▸ **EXERCISE DIRECTIONS**: The response should reproduce exactly the lines from the top of the listing below through the one that contains "MAANGE OEM Custom", and nothing else; pictures do not belong in it.

▸ **DATASET EXCERPT**:

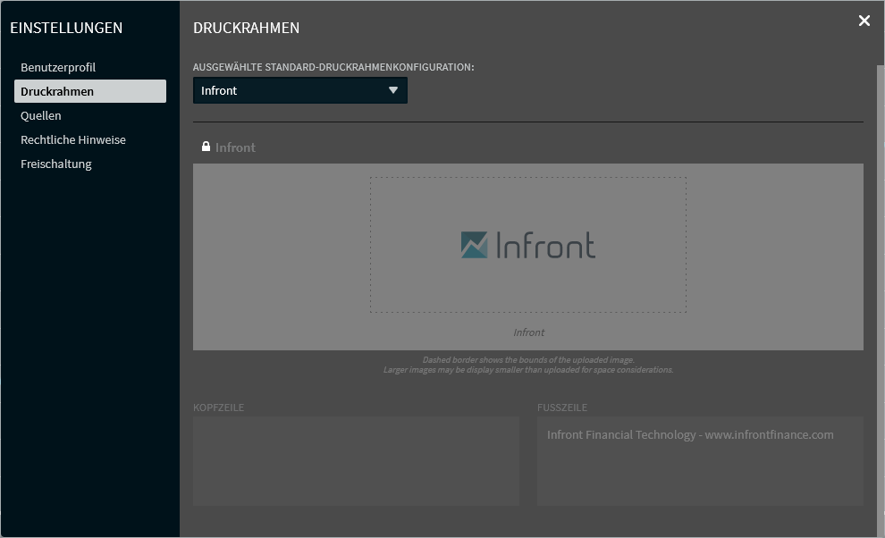Im Infront Investment Manager können Sie - bzw. i. d. R. ein Administrator - für Ausdrucke ein individuelles Drucklayout hinterlegen.
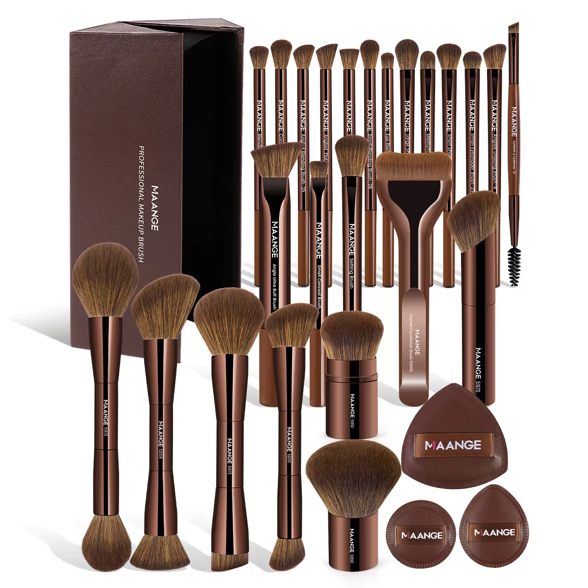 MAANGE OEM Custom Logo Professional 24 Pieces Makeup Brushes Set With Bag 3 Powder Puff Facial 24pcs Makeup Brush Set
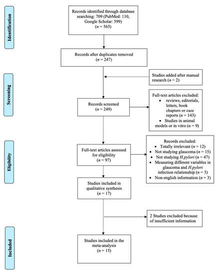 Studies were excluded if: the diagnosis of glaucoma was not clearly stated; the diagnosis of H. pylori infection was biased (e.g., patients recently treated with antibiotics or proton pump inhibitors); the data included incomplete and/or the corresponding author did not provide additional records; the publications did not contain original data, (e.g., letters to the editor, editorials, commentaries, reviews, meta-analyses); or if they evaluated fewer than seven points in the quality assessment process using the Newcastle–Ottawa scale (NOS).

▸ **ANSWER SECTION**:
Im Infront Investment Manager können Sie - bzw. i. d. R. ein Administrator - für Ausdrucke ein individuelles Drucklayout hinterlegen.
 MAANGE OEM Custom Logo Professional 24 Pieces Makeup Brushes Set With Bag 3 Powder Puff Facial 24pcs Makeup Brush Set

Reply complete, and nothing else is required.